If failure to plan is planning to fail, then Valerie Hunter-Kelly might be invincible. Rainmaker of the military-focused Clarksville, (Tenn.), market center’s Air Assault Team, Hunter-Kelly has built a 12-person team that has a plan for virtually every aspect of the business from landing listings to following up after closing. Last year, those plans generated more than 170 closings and sales volume of $26.7 million.
Hunter-Kelly’s methodical approach and affinity for planning and information gathering is a carry-over from her former career as a microbiologist. While the relationship between studying tiny organisms and selling homes may not seem apparent at first, she finds similarities in the research and data analysis required. Just as scientists pour over data for various causes and effects, real estate agents conduct research to examine market conditions, price trends and what makes homes sell, she says.

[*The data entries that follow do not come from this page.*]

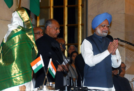 22日,在印度首都新德里,連任的印度總理曼莫漢·辛格(右一)宣誓就職。當(dāng)日,以曼莫漢·辛格總理為首的新一屆印度政府在印度總統(tǒng)府正式宣誓就職。新華社發(fā) | 以總理辛格為首的印度新政府22日宣誓就職后,其內(nèi)外政策走向成為印度國內(nèi)外輿論關(guān)注的焦點。當(dāng)?shù)孛襟w普遍認為,繼續(xù)拉動本國經(jīng)濟發(fā)展將是印度新政府各項工作的重中之重。 在印度新一屆政府中,前外交部長慕克吉出任財政部長,印度“硅谷”班加羅爾建造者之一、來自南方的前卡納塔克邦首席部長克里希納出任外交部長。慕克吉23日對媒體表示,保護印度經(jīng)濟免受國際經(jīng)濟衰退帶來的沖擊是新一屆政府的首要任務(wù),同時新政府將采取措施激活本國經(jīng)濟,保持經(jīng)濟增長。克里希納在會見記者時表示,印度外交是為經(jīng)濟發(fā)展服務(wù)的,印度政府的目標是在今后相當(dāng)長的時間內(nèi)保持經(jīng)濟增長,做到這一點需要和平安寧的周邊環(huán)境和有利的國際環(huán)境。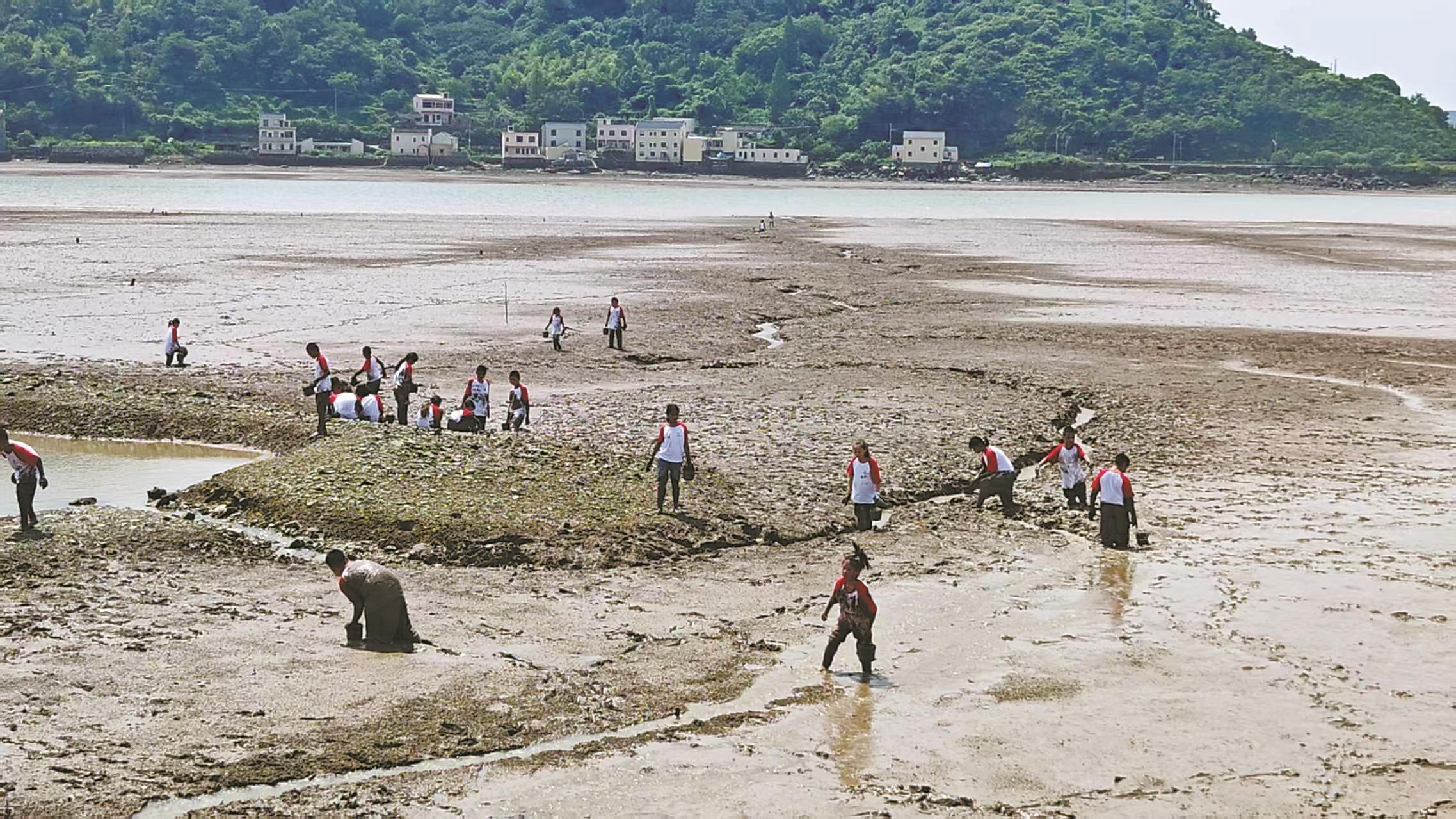 上午,库车“看海”研学团的孩子们来到象山茅洋乡花墙村的海花里滩玩中心,戴上袜子、手套,提着小水桶,在滩涂上撒欢,一个个很快都成了开心的“泥人”,很多小朋友还收获颇丰。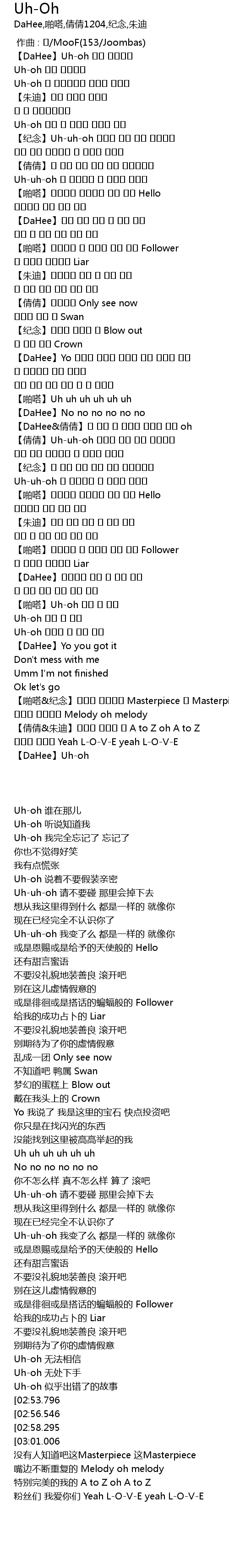 | [02:00.341] | 【倩倩】Uh-uh-oh 만지지 말고 저기 떨어져요 |

All of her plans are coordinated through her client relationship management tool, as well as the cloud storage application Dropbox; they are automated as much as possible. Her team’s plans include specific tasks for each segment of the real estate transaction. When a plan is activated, each task is assigned to an individual, so there is no confusion about who is responsible.
New Client Plan:
The initial meeting is done at the Air Assault Team’s office, “because it doesn’t make sense for me to go out to a house and talk about everything you need to do, when we haven’t even decided we want to work together, or if we can meet each other’s expectations,” Hunter-Kelly says. With buyers, she discusses their purchase goals and budget. If the client is selling a home, she does a market analysis at the time to determine conditions and trends in the area as well as pricing. She shares this information with the client. Then, she describes the process of working with her team, including the fact that she has several buyer assistants, a listing coordinator, and other team members who handle the administrative duties. If the client balks at working with anyone other than her, Hunter-Kelly knows the relationship might not be a good fit.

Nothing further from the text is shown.